With a focus on problematic clinical isolates such as serotyping-designated Hund, NM, and rough strains, as well as those with discordant serotyping and MS-H results, this study demonstrated that MS-H is a more sensitive and specific method than serotyping because of its molecular-level identification. Essentially any tryptic peptide that can be ionized in an MS system is identifiable, a stark contrast to the limited number of antigenic epitopes available during serotyping. In addition, some H types (e.g., types H11 and H21 and types H4 and H17) are difficult to differentiate by serotyping, as their flagellar sequences are very similar (8, 12, 14). As MS-H can obtain virtually full sequence coverage of flagellar proteins, differentiation of similar strains does not pose a problem (8, 14). And because MS-H is a phenotypic identification platform, the method can distinguish motile from NM strains. Although WGS analysis also provides H type information, the method is not phenotypic and therefore cannot differentiate between motile and NM strains. The MS-H plus WGS method should be a more confident approach for H-antigen typing, with respect to both phenotypic and genetic identification.

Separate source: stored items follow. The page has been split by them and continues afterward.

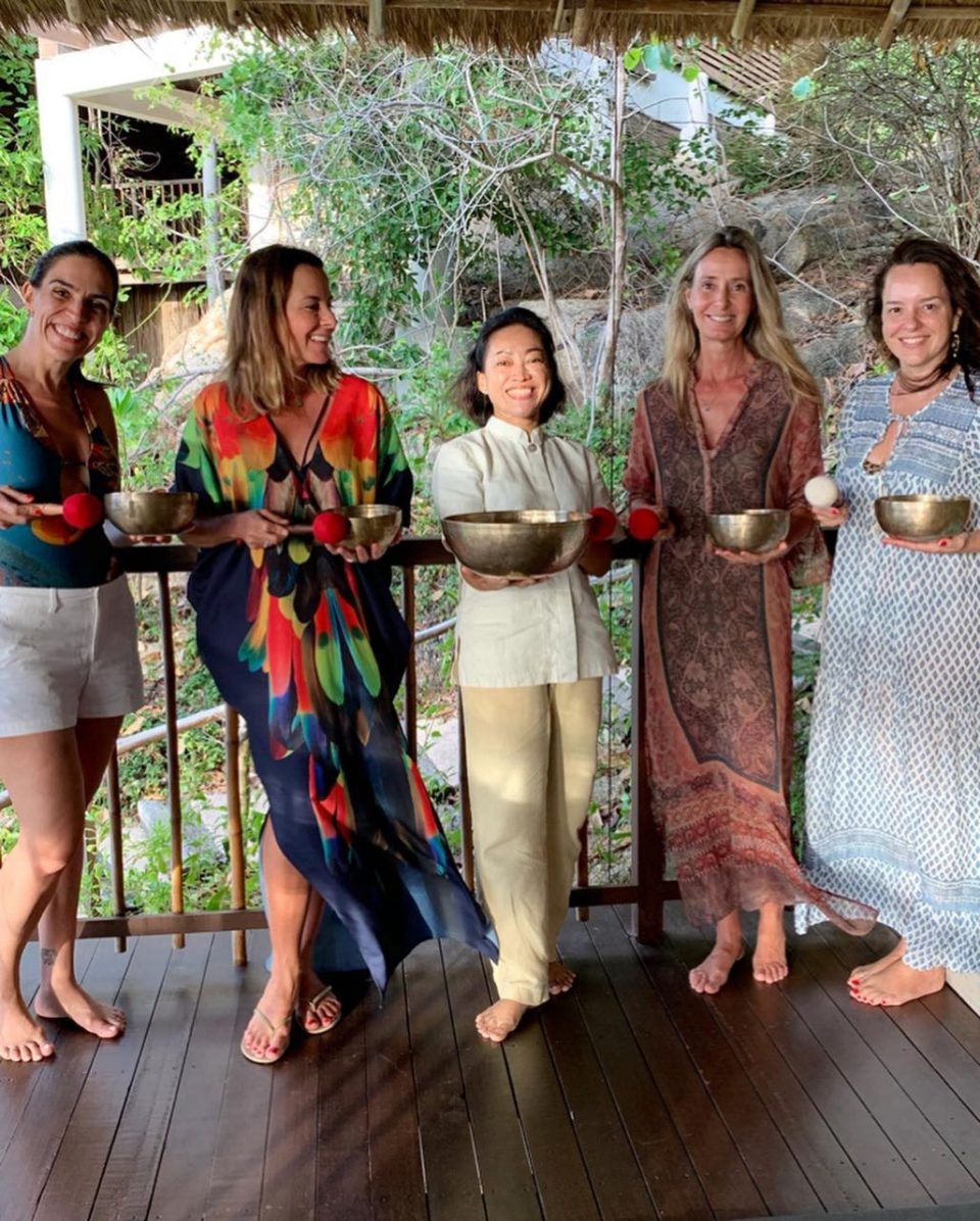 Nossa aula de meditação em movimento, e workshop de Singing Bowls Nepaleses foram as atividades mais bacanas que fizemos durante a viagem de Wellness na Tailândia.
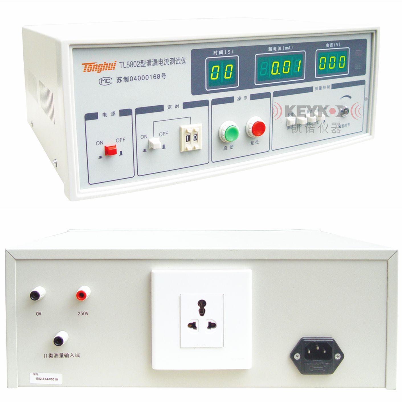 宁波同惠TL5802泄漏电流测试仪是用于测量电器的工作电源或其它电源,通过绝缘阻抗或分布参数阻抗产生的与工作无关的泄露电流,其输入阻抗模拟人体阻抗,产品适用于各种家用电器、电机、电子仪器、仪表、医疗、化工、整机等,以及强电系统的泄漏电流的测试、同时也是科研实验室、技术监督部门不可缺少的泄漏电流检测试验设备。TL5802泄漏测试仪产品是按照IEC、ISO、UL、JIS等国际国内的安全标准要求而设计,产品满足GB4706.1-2005,IEC60335.1-2004等国内外安规标准测试,符合JJG843-2007安规计量检定规程要求。
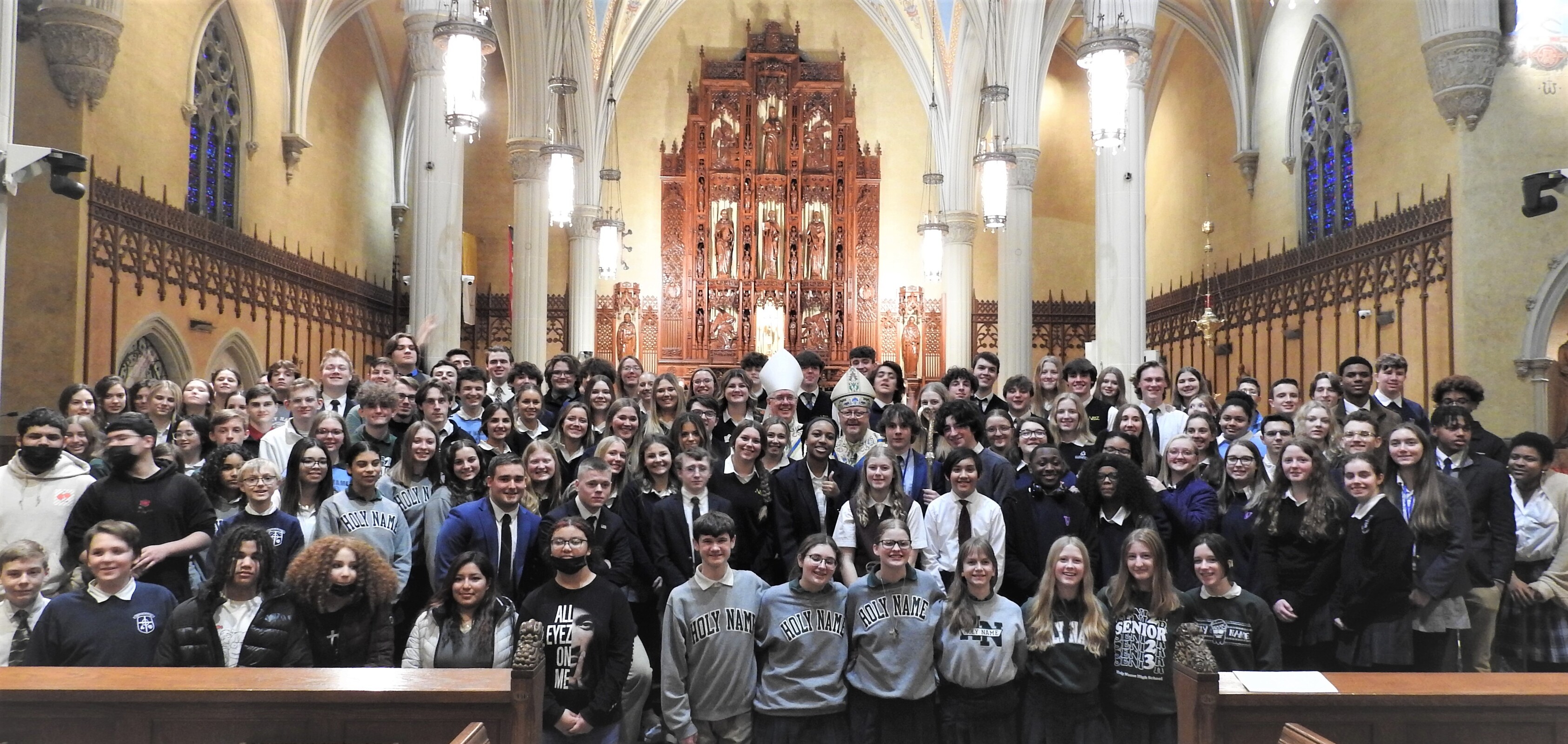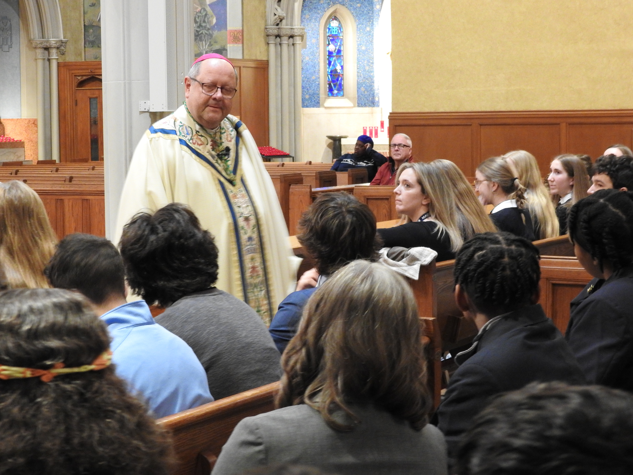 He also reminded the students and others gathered for the Mass and watching the livestream that they are “made glorious in the sight of the Lord because God loves you and God has loved you and me into life. Are we listening? Do we believe? Do you believe that God’s word to you and to me is true?” he asked.
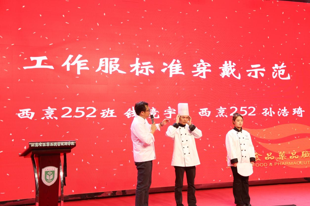 授帽环节在庄严的乐声中展开。酒店学院副院长尹忞强首先进行工作服规范穿戴示范与讲解,西烹252班钱镜宇、孙浩琦两位同学作现场展示,凸显出严谨的职业态度与素养。随后,学院领导及各专业教师逐一为2025级烹饪工艺与营养、中西面点工艺、西式烹饪工艺专业新生授帽。一顶顶洁白的厨师帽被郑重戴上,标志着同学们正式肩负起烹饪人的使命,完成了从在校学子到准职业人的身份转变。
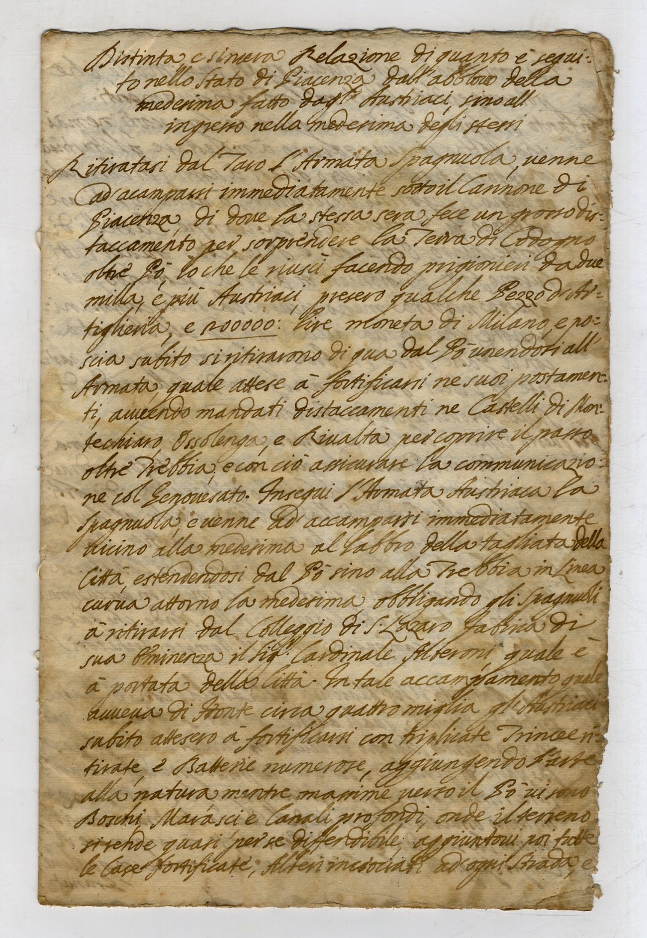 - MANOSCRITTO, manoscritti, PIACENZA, XVIII SECOLO, Battaglia di Piacenza.
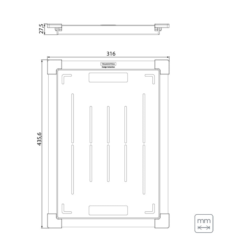 El bandeja perforada en acero inoxidable ayuda en la limpieza de la comida y el suministro de platos después del lavado.Compatible con varios modelos de las líneas Vitrum y Quadrum.
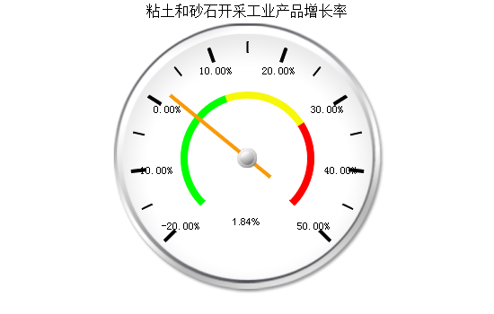 本月全國粘土和砂石開采工業產量同比去年同月增長1.84%,累計增速比上月減少65.58%。

The lack of agreement of the H types of a small number of isolates across the three platforms may be due to factors such as sample preparation during WGS, antibody quality during serotyping, and the motility status of strains at the time of serotyping or MS-H typing (8, 1214, 24). On the basis of current data, if both MS-H and WGS are employed and different H types result, the MS-H result should be considered correct, as it reflects the phenotypic existence of the H antigen. To confirm the result, the MS-H procedure can be easily repeated (8, 1214).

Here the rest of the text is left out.